Je stelt je klok in op de nulmeridiaan in Greenwich en vergelijkt die tijd met
de plaatselijke tijd.
De zon draait in 24 uur rond de aarde (in werkelijkheid
is het zoals vermeld andersom), wat betekent dat ze zich elk uur 15 graden verplaatst (360 graden
gedeeld door 24 uur). Als het op je schip drie uur later is dan in Greenwich,
dan ben je dus 45 graden ten westen van de nulmeridiaan.

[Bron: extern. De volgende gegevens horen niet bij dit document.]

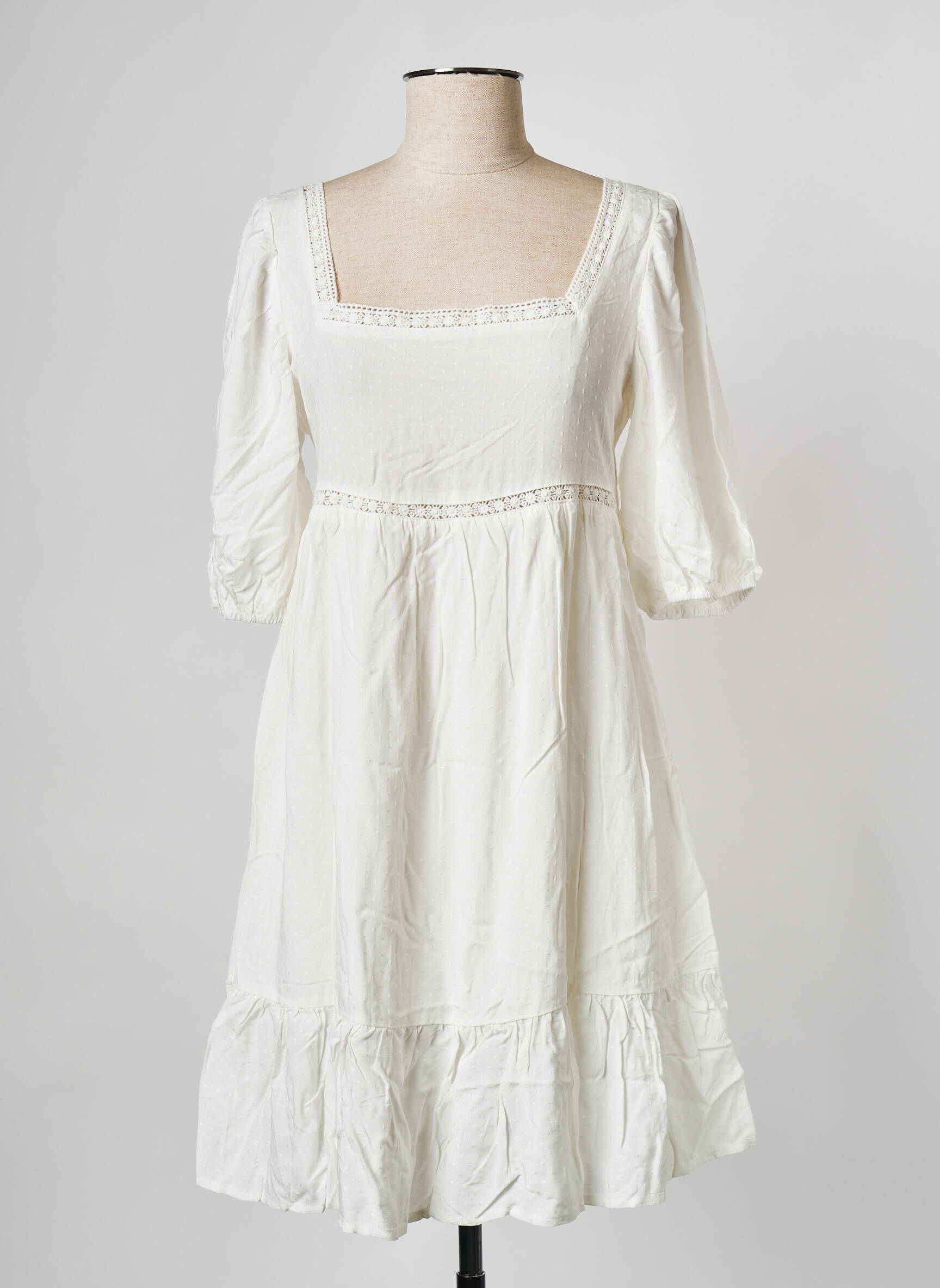 Imaginez une robe qui capture à la fois la douceur d'une journée d'été et l'élégance d'un charme intemporel avec cette création signée MOLLY BRACKEN. Cette robe courte pour femme séduit par sa coupe fluide et aérienne, sublimée par un décolleté carré délicatement orné d’une fine dentelle qui ajoute une touche romantique. Ses manches légèrement bouffantes s'arrêtent juste au-dessous du coude, apportant équilibre et féminité à la silhouette, tandis que la taille marquée souligne subtilement la finesse du corps. Ce vêtement blanc immaculé exprime une simplicité raffinée, idéale pour une allure naturelle et pleine de fraîcheur.

Het probleem was dat er pas
nauwkeurige scheepsklokken kwamen in de tweede helft van de achttiende eeuw.
Kompas
De
tijd bepalen op het schip was geen probleem: dat kon nauwkeurig met een sextant
of een ander instrument gemeten worden. Maar de zeevaarders konden voor de
komst van de betrouwbare scheepschronometers onmogelijk weten hoe laat het was
op de plaats van vertrek. Daarom maakten ze gebruik van een gegist bestek. Met
behulp van een kompas (dat in de westerse wereld sinds de dertiende eeuw
in gebruik was) en een scheepslog tekenden ze hun vermoedelijke koers uit
vanuit hun vertrekpunt.
——————————————————————————————————–
“De snelheid van het schip werd bepaald door een voorwerp overboord te gooien.”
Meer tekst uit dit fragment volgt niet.